Rohde & Schwarz SwissQual AG is a telecommunications company specializing in wireless network service quality benchmarking and network optimization. The company is a contributor to ITU-T standards for speech and video quality assessment.

Company history
Rohde & Schwarz SwissQual AG was founded in 2000 and was the first company to introduce specialized wireless network benchmarking equipment.

In January 2006 the company was acquired by Spirent for $65m.

In 2007 the company was divested by Spirent and acquired by a group of private investors.

In March 2010 SwissQual announced they had carried out network quality drive testing on the world's first commercial LTE network, TeliaSonera in Sweden.

In July 2012, SwissQual became a wholly independent subsidiary of Rohde & Schwarz. R&S is a German testing equipment manufacturer.

In July 2018, the company changed its name to Rohde & Schwarz SwissQual AG.

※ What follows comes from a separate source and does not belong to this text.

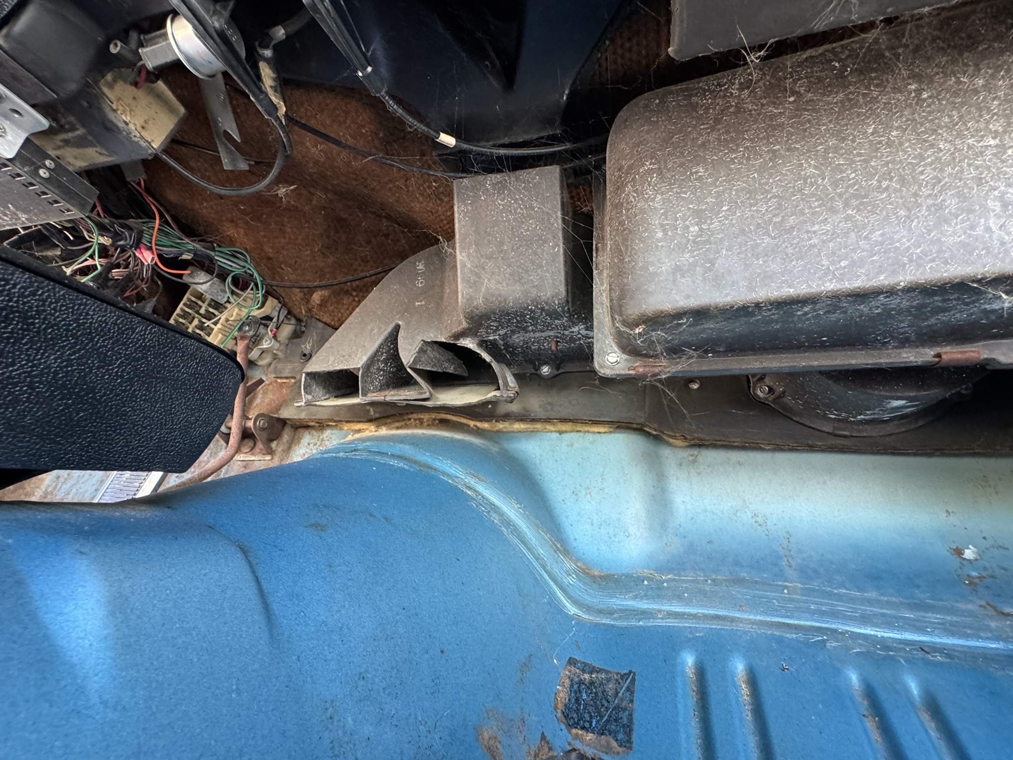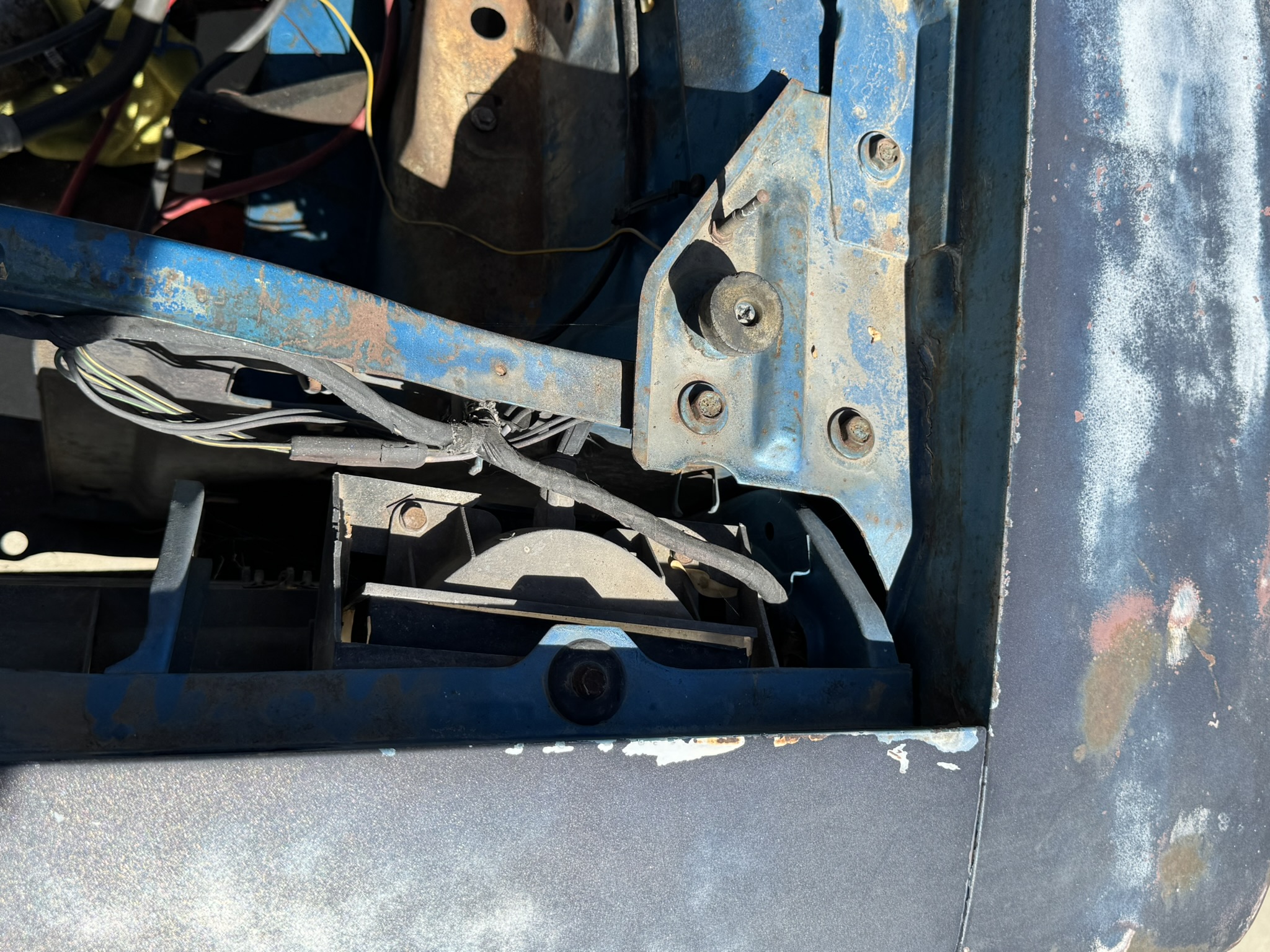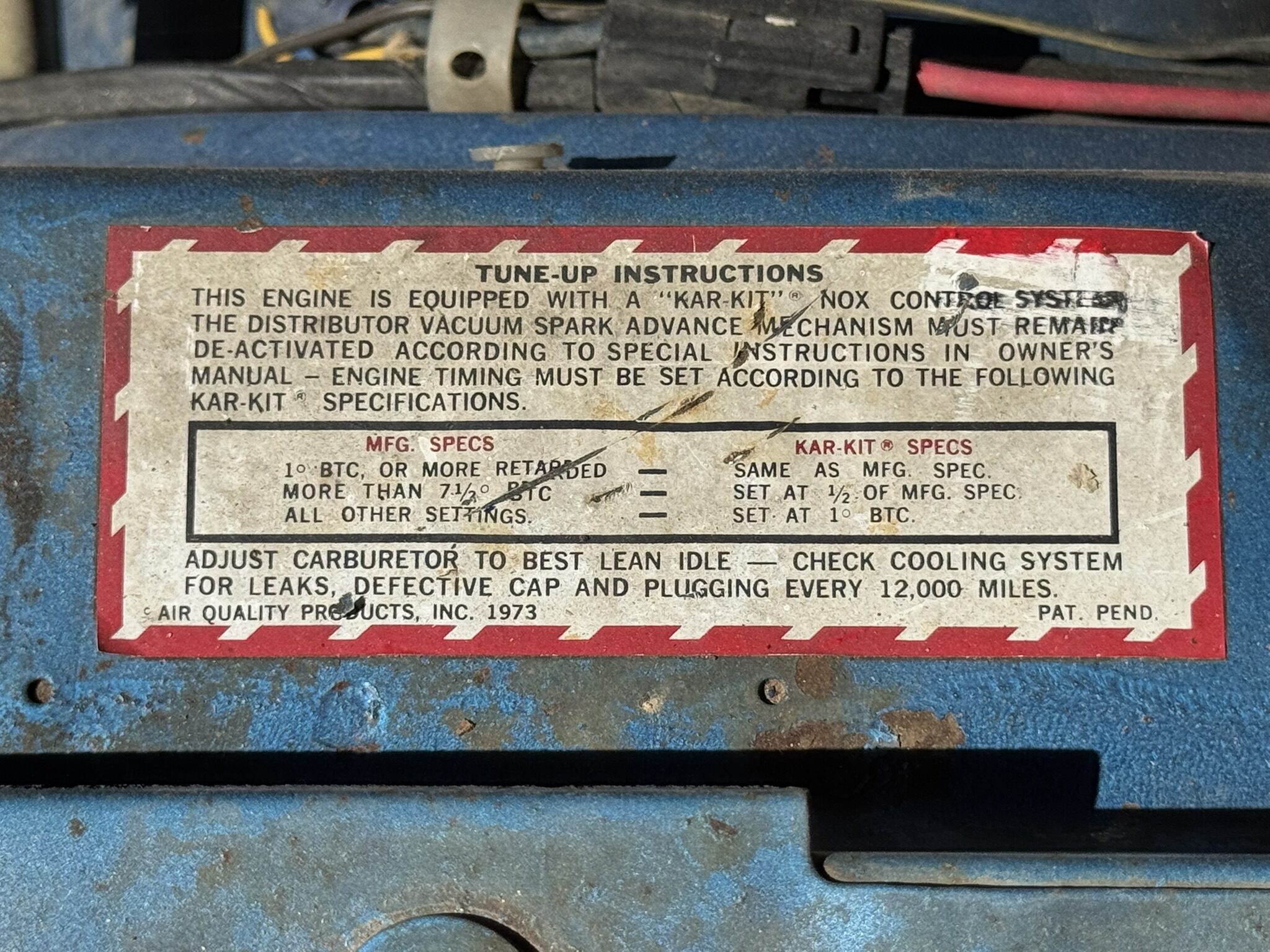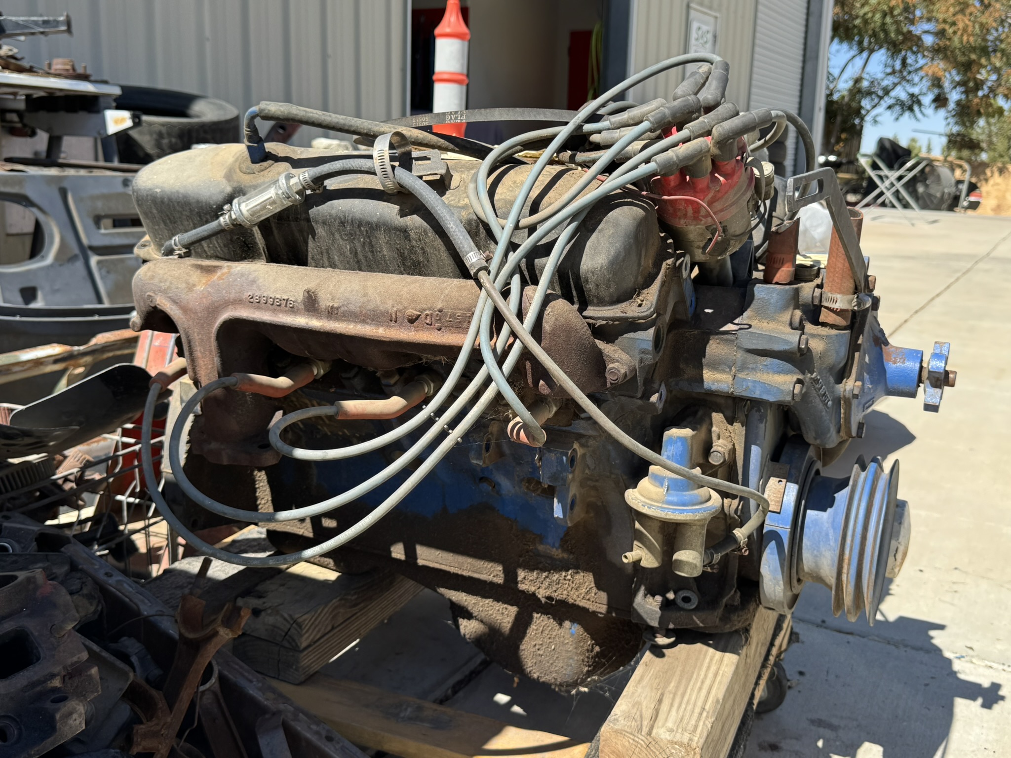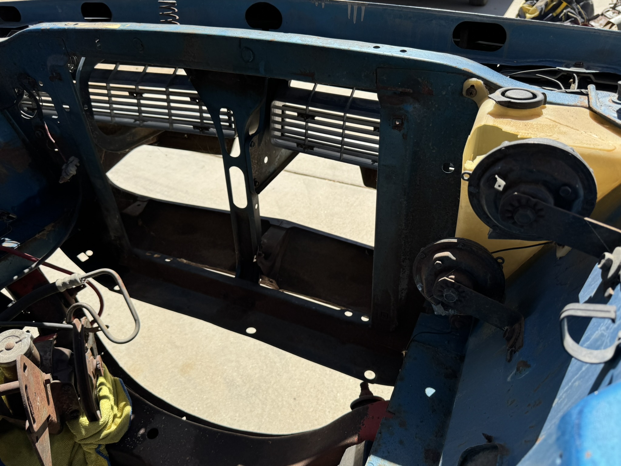 Finished originally in B5 Bright Blue Poly, the original paint can still be seen in many areas on the car. The only bondo identified on the car is a small section on the passenger side quarter panel towards the tail. Both factory bumpers are in place and in very good condition. The hood is from a donor car, which opens, closes, and latches easily. The rest of the body is original sheet metal. The factory fender turn signals are in place. This car has the correct options to allow for a shaker hood, such as the 3 speed wiper motor. The doors and trunk close nicely, only requiring minor adjustment. The rust is minimal and limited to the passenger side lower quarter panel. There was a patch panel started on the same quarter panel that will need finishing. The trunk floor has been cut out even though it wasn't very rusty and a new trunk floor has been set in place. New trunk floor extensions are included as well. The grill and headlight buckets are original, all in great condition. All of the factory tinted glass is in place with the windshield showing scratches from windshield wipers without blades.

Speech and video quality algorithms
 In June 2010 SwissQual was one of three companies selected to provide the next generation high definition voice testing standard POLQA.
 In January 2011 SwissQual was the only company selected to provide the next generation high definition video testing standard VQuad-HD / J.341.
 In 2015 SwissQual in collaboration with Deutsche Telekom T-Labs in Berlin developed the standard J.343.1 "RS-T-VModel".